Сам по себе Франкфурт для автора – «вертикально-зеркальный город, где вечно что-нибудь отражается в чём-нибудь: один небоскрёб в другом небоскрёбе и облака во всех сразу» (518): иллюзорность реальность – основная примета этого города, который был почти полностью разрушен в войну. Почти таким же предстаёт в романе и другой город: в «стеклянном, слепящем свете» (69) полярно-яркого солнца Петербург «искрится», «полыхает» и «горит». Лиссабон кажется автору «восстающим из вод видением, фата-морганой» (790).
Принцип «всеобщей связи вещей» реализуется не только в том, что одни персонажи похожи на других персонажей или других людей, но и в сходстве отдельных пространств. Так, вязы на московском бульваре, что «врастали в воздух, в пустое пространство» (43), похожи на «в синее небо врастающий» кипарис в китайском дворе, который «так же обладает и не обладает природой Будды» (43). Поездка на трамвае в Португалии напоминает автору такую же поездку в Ленинграде: вокруг тот же дождь и тот же булыжник.
Снежный пейзаж возле японского дзэнского монастыря напоминает Виктору пейзажи возле Токсово и Сестрорецка: внешние ландшафты наплывают друг на друга и становятся ландшафтом внутренним, внешний мир становится пространством психического. То же происходит с автором в одном из перерывов во время сессина на буддийском хуторе: внешний ландшафт становится «ландшафтом молчания» (43). Сияние вещей возле буддийского хутора видится Виктору «отсветом какого-то иного, огромнейшего сияния» (366), духовным пейзажем.
В «Остановленном мире» можно обнаружить буддийский интерьер. Автор лежит на «гори- стой, скалистой, уже прямо непальско-тибетской кровати» (178). Обстановка комнаты Виктора из-за её аскетичности описывается автором как «Буддистское Ничто, перенесённое в повседневность» (511).
Мотив сна, онейрической реальности – еще один сквозной образ «Остановленного мира», уходящий корнями в буддизм. Автор периодически говорит, что находится в состоянии сна и испытывает пробуждение. Так, на экскурсии он рассматривает конференц-павильон Тадао Андо и отмечает, что это здание разбудило его, хотя он и не спал, что он почувствовал «толчок пробуждения» (17–18). Случайная встреча с Васькой-буддистом на книжной ярмарке рождает у автора мысль о том, что «всё, что происходит с нами, есть только часть и фрагмент одного невероятного сна» (472): человек пребывает в иллюзии и в лучшем случае лишь осознаёт, что спит, – а после рождает вопрос: зачем «снится мне этот пятидесятилетний издатель» (475)? Проповедь Боба о неведении помещена в главе под названием «Вы спите, а вам надо проснуться», позже, в Португалии, автор, повторив эту Бобову фразу, в медитации заметит, что наконец-то пробудился – «в смысле буквальном и не-буквальном, буддистском и не-буддистском» (781), и что это пробуждение есть преодоление жизни.

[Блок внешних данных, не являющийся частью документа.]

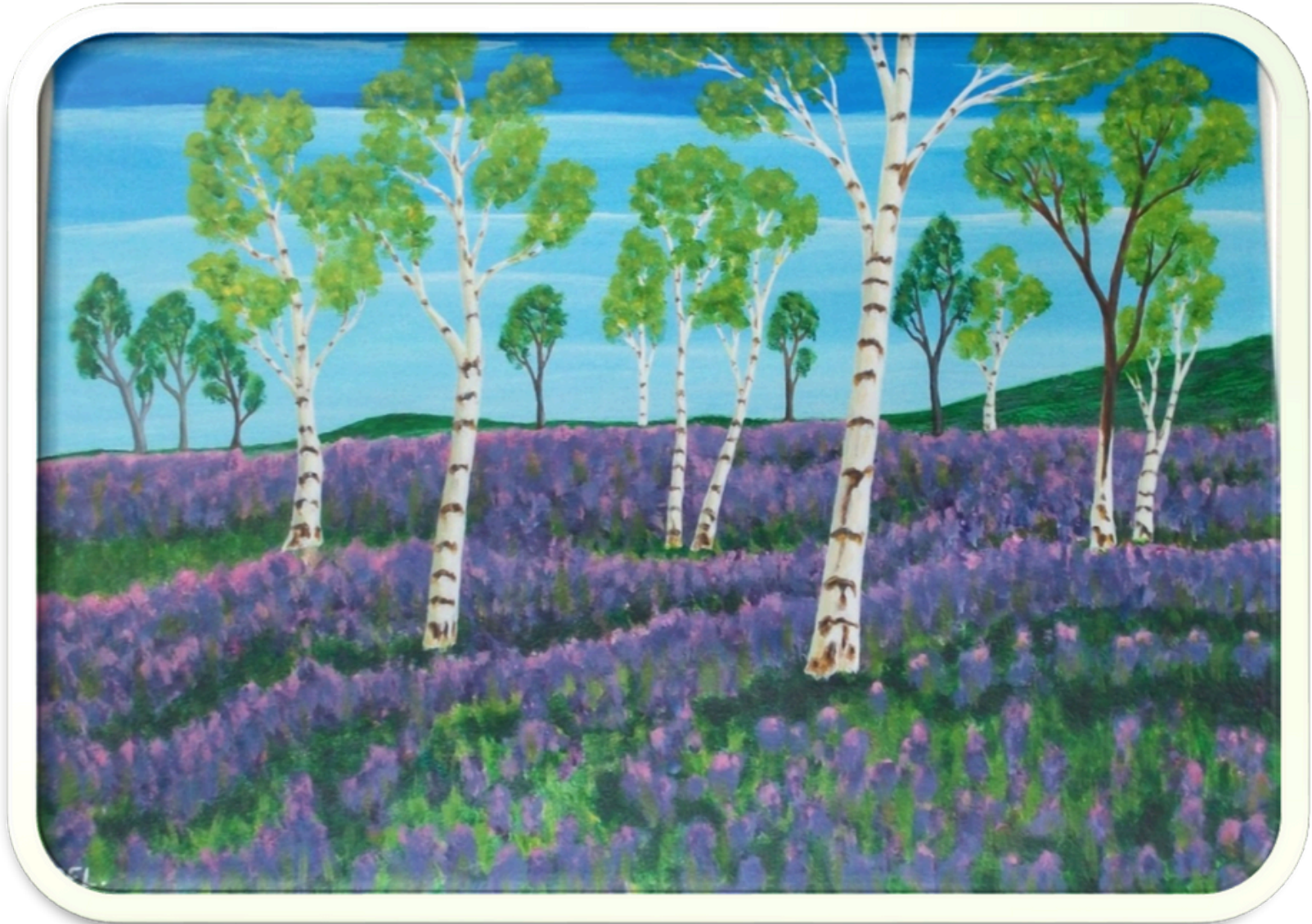
White Trees Of Birch. Acrylic, painting by PEL.

Let's create our dreams in our Garden of Colours, Surrounded by our beautiful White Trees of Birch Inside our wonderful and holy Earth Church.

Остановка мира – это также принцип изображения. Так, петербургский денек, словно здание, «можно обойти с разных сторон, снять в разных ракурсах» (20). Не одни герои могут быть в медитации, но и мир вокруг них. Так, осы на Елагином острове кружатся над бодяком и морковником, «не прерывая своей медитации» (94). При этом автор отмечает, что осы и они с Васькой-буддистом – одно, поскольку смотрят на этих ос: субъект, наблюдающий объект, и объект неразделимы в буддийской философии.
В финале романа мир для автора и Тины остановился буквально: «Замер сухогруз, остановился паром. Замолкли голоса у нас за спиной» (791), – на момент, длящийся как щелчок пальцев или чуть дольше. Этот момент автор сравнивает с пребыванием в кадре фотографии.
Фотография, искусство фотографии, является в «Остановленном мире» одним из способов передать мировидение дзэн-буддизма. У автора нарушается визуальное восприятие (он роняет и разбивает очки), и благодаря этому ему удается разглядеть на фотографиях Димы не детали, а фон. Черно-белая фотография с домом в углу фото, что был поставлен «посреди ничего, посреди пустоты» (89) и создавал «вокруг себя свою собственную <…> тишину, пустоту» (90), – пример реализации принципов искусства дзэна. Монохромность исполнения концентрирует внимание зрителя на главном. Фон позволяет осознать не столько мастерство, сколько глубину работы. Несимметричность фотографии передает естественность, реальность. Одиночество дома напоминает об одиночестве того, кто уходит за пределы сансары [Судзуки Д.: эл. ресурс].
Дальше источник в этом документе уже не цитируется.